▸ **Instructions for the task**:
A faithful, picture-free copy of the listing below is required.

***** Material provided *****

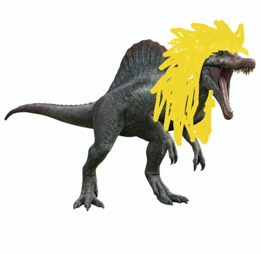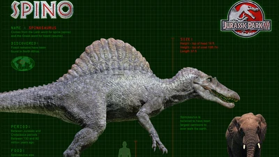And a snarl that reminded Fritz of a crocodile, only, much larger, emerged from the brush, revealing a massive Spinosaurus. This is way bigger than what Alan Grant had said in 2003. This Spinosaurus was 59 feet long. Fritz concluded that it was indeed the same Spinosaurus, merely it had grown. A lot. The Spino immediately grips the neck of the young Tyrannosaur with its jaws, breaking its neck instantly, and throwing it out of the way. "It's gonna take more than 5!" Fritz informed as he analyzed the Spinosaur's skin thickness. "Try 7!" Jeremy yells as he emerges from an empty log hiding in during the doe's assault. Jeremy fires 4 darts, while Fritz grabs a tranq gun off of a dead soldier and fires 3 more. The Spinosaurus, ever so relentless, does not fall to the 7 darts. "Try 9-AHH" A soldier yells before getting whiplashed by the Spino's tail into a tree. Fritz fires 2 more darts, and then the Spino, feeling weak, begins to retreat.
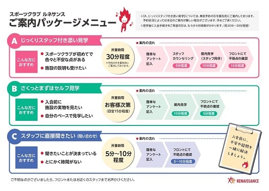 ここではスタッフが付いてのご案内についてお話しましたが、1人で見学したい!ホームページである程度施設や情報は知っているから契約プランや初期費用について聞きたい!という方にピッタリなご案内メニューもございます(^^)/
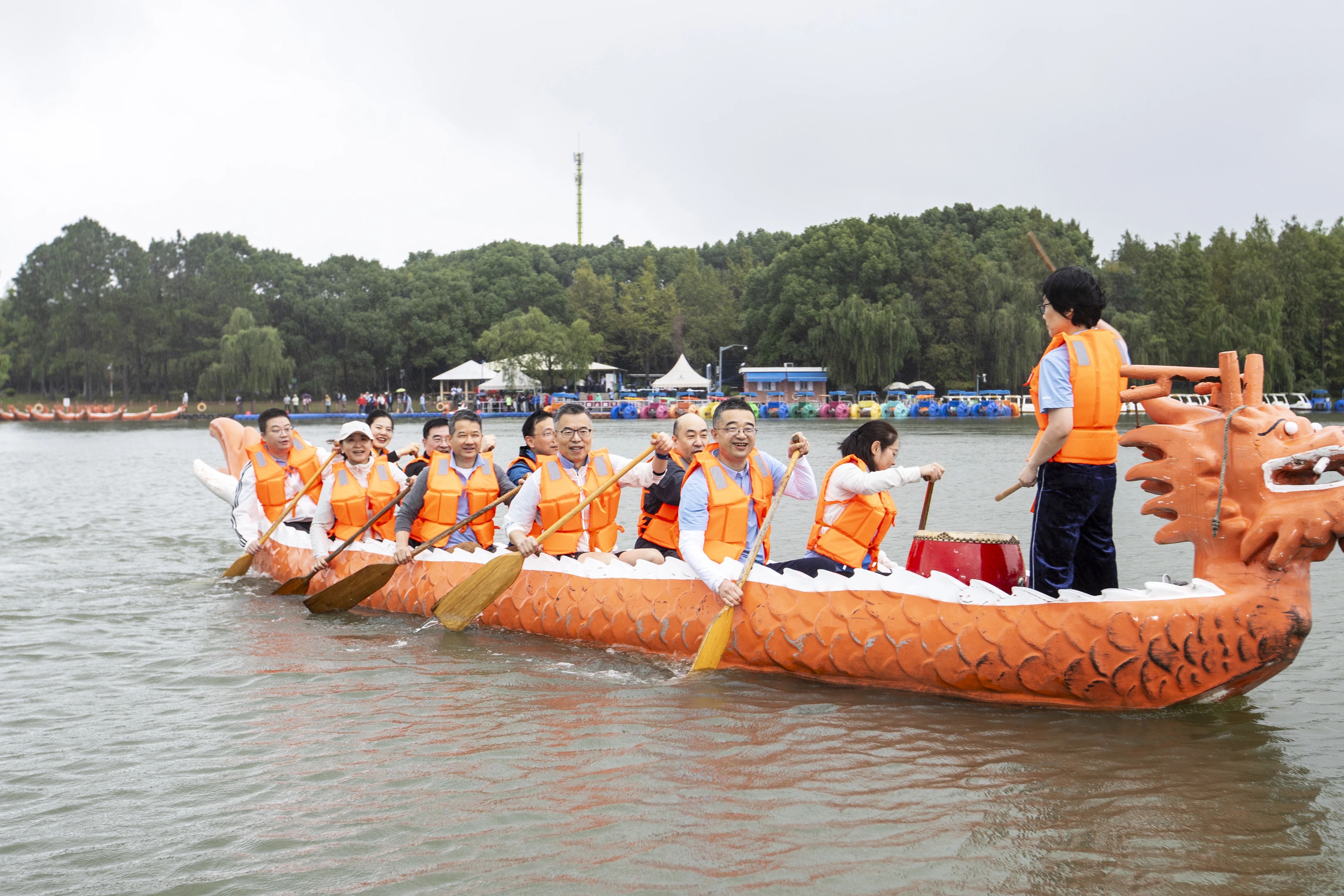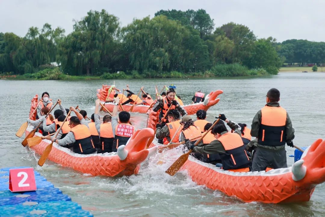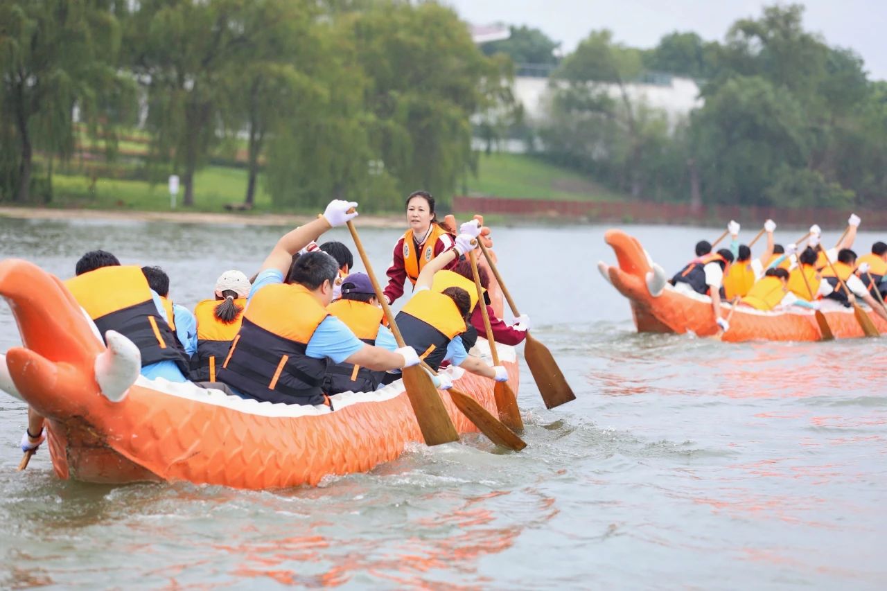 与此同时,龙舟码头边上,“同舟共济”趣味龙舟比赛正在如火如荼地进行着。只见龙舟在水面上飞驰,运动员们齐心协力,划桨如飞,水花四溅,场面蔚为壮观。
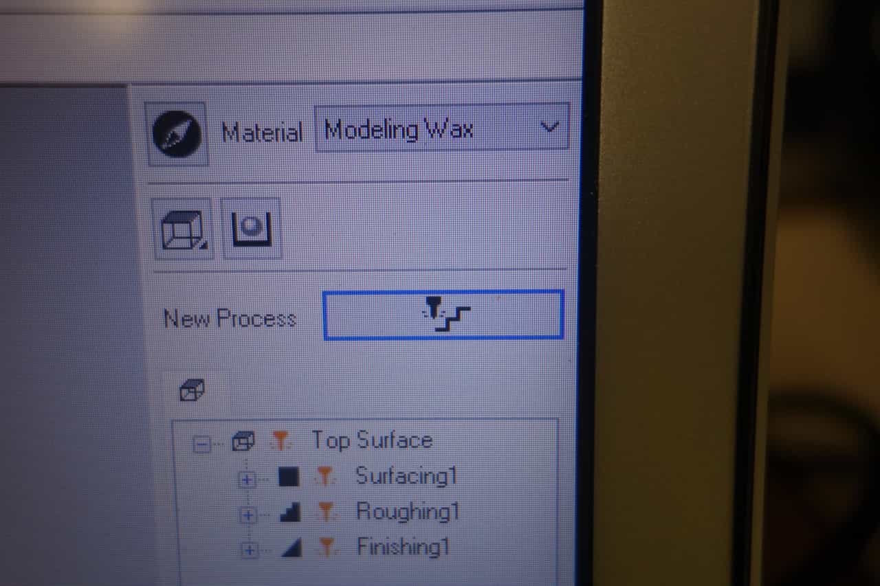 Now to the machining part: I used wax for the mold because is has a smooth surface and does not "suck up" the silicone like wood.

*****

▸ **Result of this exercise**:
And a snarl that reminded Fritz of a crocodile, only, much larger, emerged from the brush, revealing a massive Spinosaurus. This is way bigger than what Alan Grant had said in 2003. This Spinosaurus was 59 feet long. Fritz concluded that it was indeed the same Spinosaurus, merely it had grown. A lot. The Spino immediately grips the neck of the young Tyrannosaur with its jaws, breaking its neck instantly, and throwing it out of the way. "It's gonna take more than 5!" Fritz informed as he analyzed the Spinosaur's skin thickness. "Try 7!" Jeremy yells as he emerges from an empty log hiding in during the doe's assault. Jeremy fires 4 darts, while Fritz grabs a tranq gun off of a dead soldier and fires 3 more. The Spinosaurus, ever so relentless, does not fall to the 7 darts. "Try 9-AHH" A soldier yells before getting whiplashed by the Spino's tail into a tree. Fritz fires 2 more darts, and then the Spino, feeling weak, begins to retreat.
 ここではスタッフが付いてのご案内についてお話しましたが、1人で見学したい!ホームページである程度施設や情報は知っているから契約プランや初期費用について聞きたい!という方にピッタリなご案内メニューもございます(^^)/
 与此同时,龙舟码头边上,“同舟共济”趣味龙舟比赛正在如火如荼地进行着。只见龙舟在水面上飞驰,运动员们齐心协力,划桨如飞,水花四溅,场面蔚为壮观。
 Now to the machining part: I used wax for the mold because is has a smooth surface and does not "suck up" the silicone like wood.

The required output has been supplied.